Boeing’s Phantom Eye demonstrator under construction in St. Louis. Boeing photo.

ST. LOUIS (BNS): Boeing has begun to build its first unmanned, liquid –hydrogen powered, high altitude long endurance (HALE) demonstrator aircraft.

According to a news release by Boeing, the Phantom Eye’s entire propulsion system has completed an 80 hour test in an altitude chamber at the beginning of this month, clearing the way for the propulsion system and UAV to be assembled.

“The essence of Phantom Eye is its propulsion system, after five years of technology development, we are now deploying rapid prototyping to bring together an unmanned aerial vehicle [UAV] with a breakthrough liquid-hydrogen propulsion system that will be ready to fly early next year,” Darryl Davis, Boeing Phantom Works president said in a Boeing news release.

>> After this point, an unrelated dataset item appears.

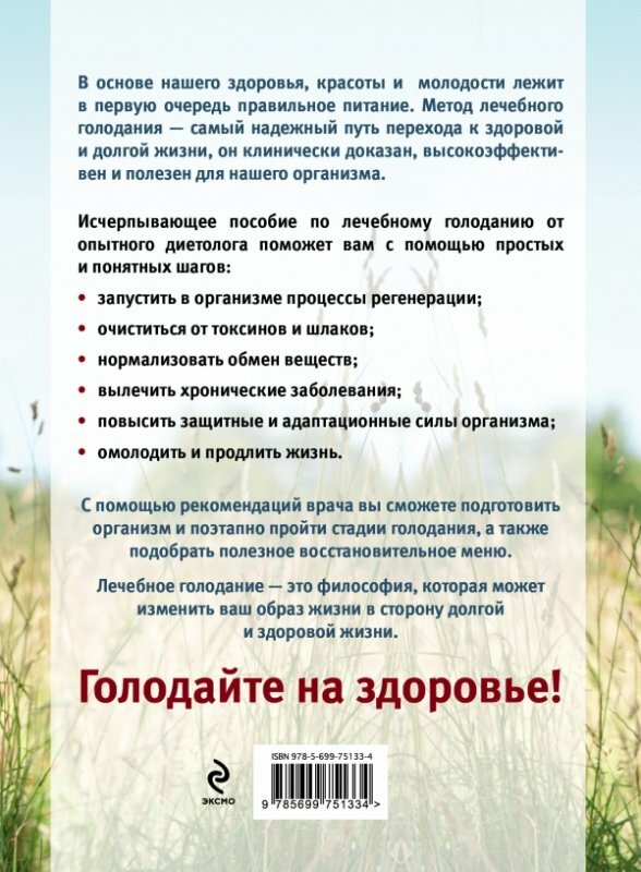 Книга написана врачом диетологом, является исчерпывающим пособием по лечебному голоданию, с помощью рекомендаций врача вы сможете подготовить организм и поэтапно пройти стадии голодания, а также подобрать полезное восстановительное меню.
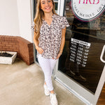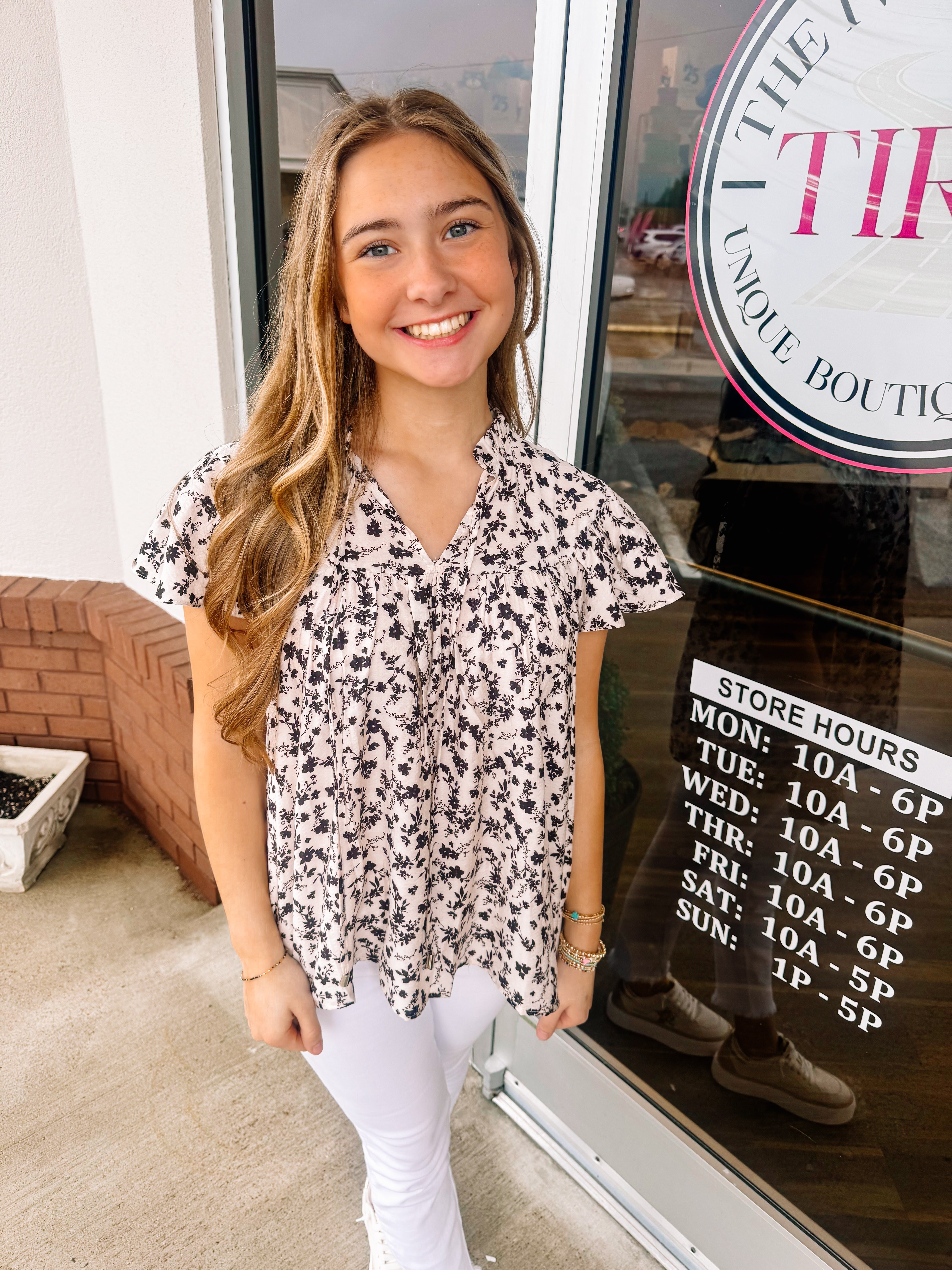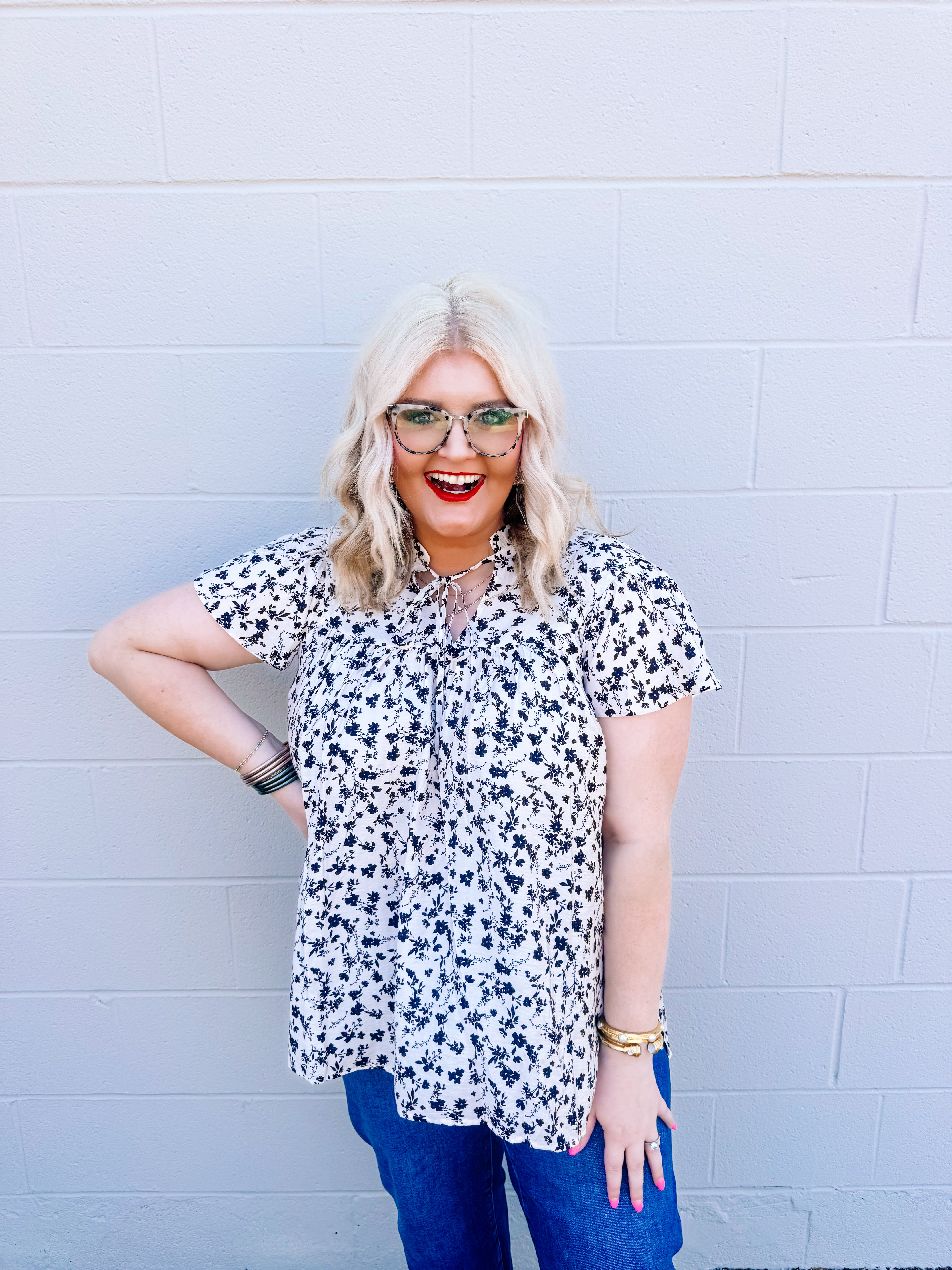 Welcome to the Ditsy Flower Top. This top has ruffle sleeves with a v-neck that features a ruffle neck band. It's white and black combo makes it a perfect top for work or a night on the town. This is a must for your closet.

The demonstrator of the Phantom Eye has a 150-foot wingspan which can fly at altitudes up to 65,000 feet for more than four days carrying a payload up to 450 pounds. Phantom Eye is designed to perform missions that could include intelligence, reconnaissance, surveillance and communication.

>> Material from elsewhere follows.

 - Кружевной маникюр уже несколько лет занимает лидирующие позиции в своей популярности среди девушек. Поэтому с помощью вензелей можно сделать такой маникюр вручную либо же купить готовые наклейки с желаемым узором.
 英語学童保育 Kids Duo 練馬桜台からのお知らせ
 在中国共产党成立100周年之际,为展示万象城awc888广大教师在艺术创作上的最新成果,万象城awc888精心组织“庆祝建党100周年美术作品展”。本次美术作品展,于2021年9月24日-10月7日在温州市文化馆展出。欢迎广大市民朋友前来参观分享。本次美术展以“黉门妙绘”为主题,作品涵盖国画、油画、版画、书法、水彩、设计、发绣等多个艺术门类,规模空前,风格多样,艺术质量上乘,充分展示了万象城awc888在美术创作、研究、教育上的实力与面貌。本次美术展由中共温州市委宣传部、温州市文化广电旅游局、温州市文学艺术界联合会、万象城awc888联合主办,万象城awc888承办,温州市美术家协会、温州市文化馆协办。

Boeing is also developing a larger HALE that will stay aloft for more than 10 days and carry payloads of more than 2,000 pounds, and building “Phantom Ray,” a fighter-sized UAV that will be a flying test bed for advanced technologies, as reported in the release.

“We believe Phantom Eye and Phantom Ray represent two areas where the unmanned aerial vehicle market is heading, and rapid prototyping is the key to getting us there,” the release quoted Dave Koopersmith, Advanced Boeing Military Aircraft vice president as saying. “These innovative demonstrators reduce technology risks and set the stage for meeting both military and commercial customers’ future needs.”

Phantom Ray evolved from the X-45C program. It is scheduled to make its first flight in December this year.